**Activity**
A word-for-word copy of the listing is what's needed; leave out every image.

**Raw data**

■ ■ ■

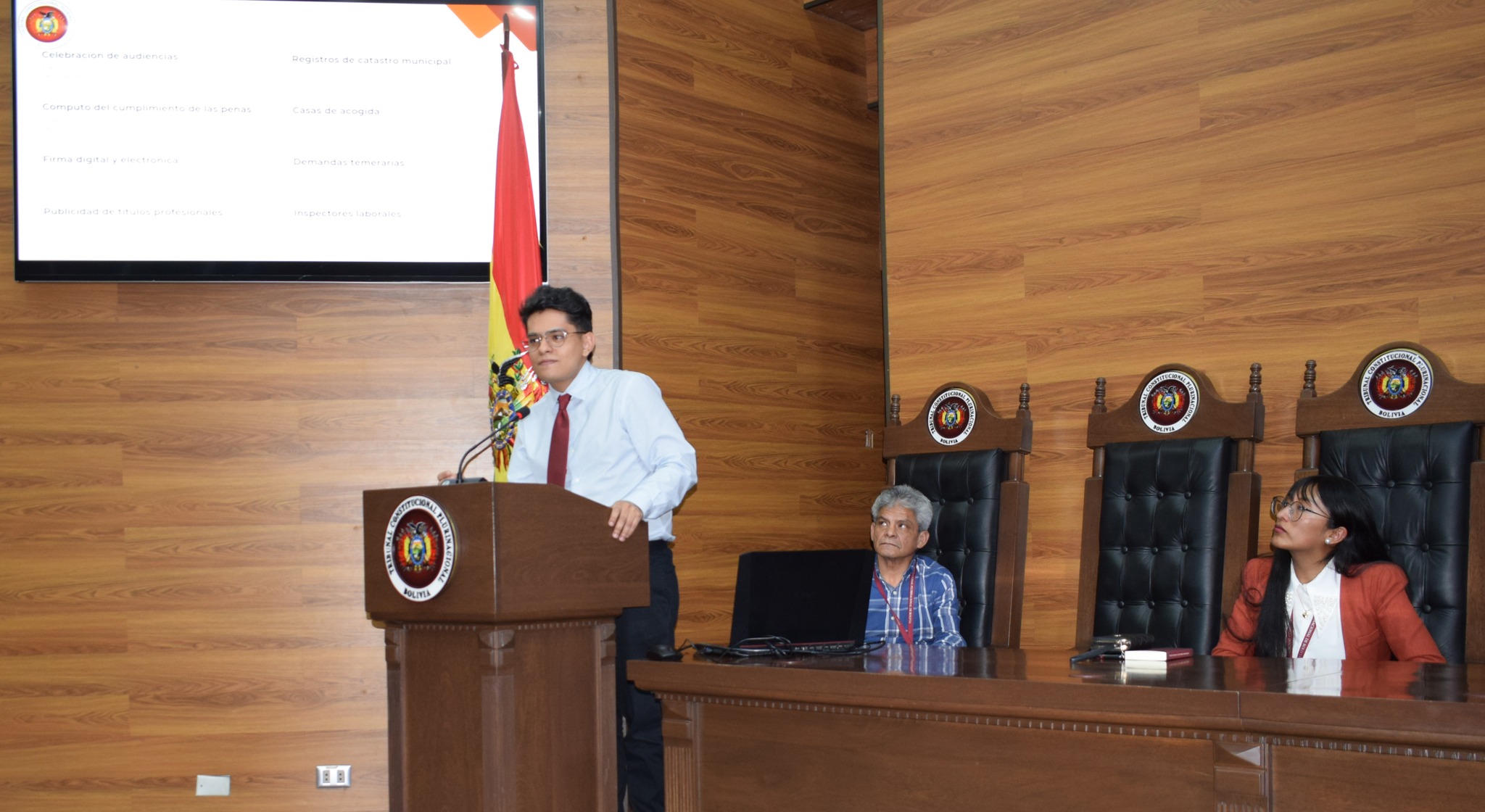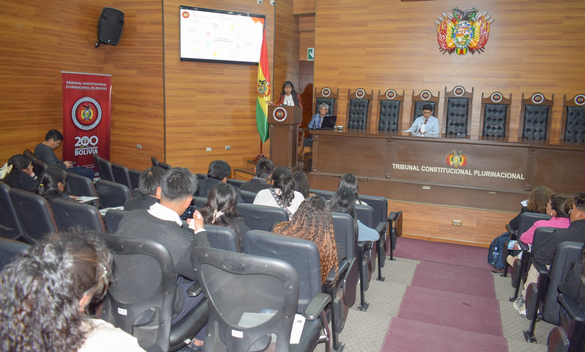Esta visita académica fortaleció los conocimientos prácticos de los universitarios que gracias a la coordinación con la Academia Plurinacional de Estudios Constitucionales , contó con las exposiciones relacionadas a las “Funciones del Tribunal Constitucional Plurinacional y Jurisprudencia Constitucional” y “La Acción de Protección de Privacidad como garantía constitucional del Derecho a la Autodeterminación Informativa: Objeto, alcance y estructura procesal”, ponencias realizadas por María Jhoselyne Tambo Lima ( Abogada de Despacho) y Luis Fernando Loma Aragonés ( Abogado de Despacho).
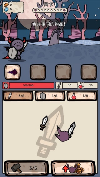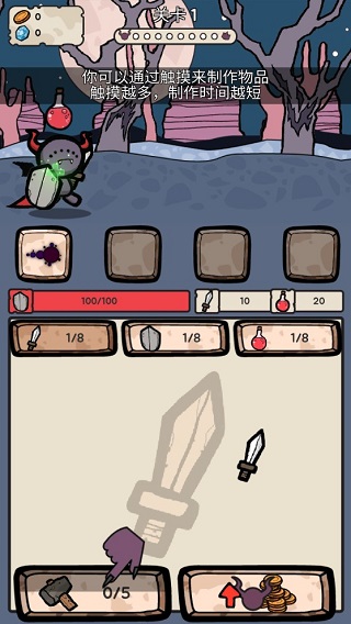 游戏采用极简操作逻辑:长按/点击即可快速制作武器、盾牌与药剂;触摸频率越高,制作速度越快。所有物品支持自动合并——两把短剑合成阔剑,三面铁盾升阶圣盾,重复物品堆叠即触发跃迁式升级。新装备获取后自动穿戴,属性实时生效,真正实现“合成即强化,上线即变强”。
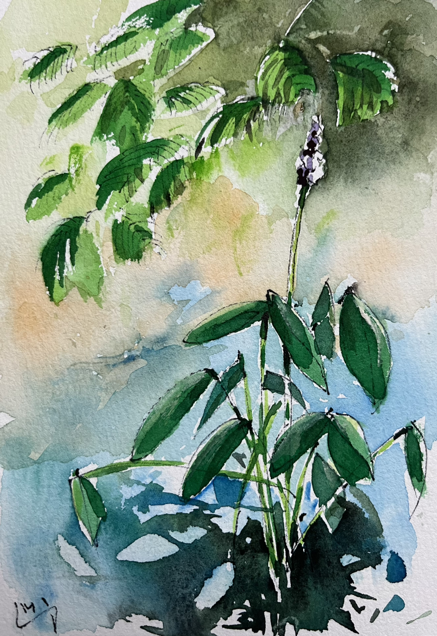 그 아래에 핀 물칸나의 보라색 꽃에 끌리어 연못 가까이로 간다. 그러고 보니 물에서 피는 꽃에 보라색이 많다. 빨간색에 물을 타면 보라색으로 변하는 걸까? 잉크를 쓰던 시절의 어느 비 오는 날, 책갈피에 번졌던 푸른 잉크의 색을 떠올렸다.

■ ■ ■

**Written response**
Esta visita académica fortaleció los conocimientos prácticos de los universitarios que gracias a la coordinación con la Academia Plurinacional de Estudios Constitucionales , contó con las exposiciones relacionadas a las “Funciones del Tribunal Constitucional Plurinacional y Jurisprudencia Constitucional” y “La Acción de Protección de Privacidad como garantía constitucional del Derecho a la Autodeterminación Informativa: Objeto, alcance y estructura procesal”, ponencias realizadas por María Jhoselyne Tambo Lima ( Abogada de Despacho) y Luis Fernando Loma Aragonés ( Abogado de Despacho).
 游戏采用极简操作逻辑:长按/点击即可快速制作武器、盾牌与药剂;触摸频率越高,制作速度越快。所有物品支持自动合并——两把短剑合成阔剑,三面铁盾升阶圣盾,重复物品堆叠即触发跃迁式升级。新装备获取后自动穿戴,属性实时生效,真正实现“合成即强化,上线即变强”。
 그 아래에 핀 물칸나의 보라색 꽃에 끌리어 연못 가까이로 간다. 그러고 보니 물에서 피는 꽃에 보라색이 많다. 빨간색에 물을 타면 보라색으로 변하는 걸까? 잉크를 쓰던 시절의 어느 비 오는 날, 책갈피에 번졌던 푸른 잉크의 색을 떠올렸다.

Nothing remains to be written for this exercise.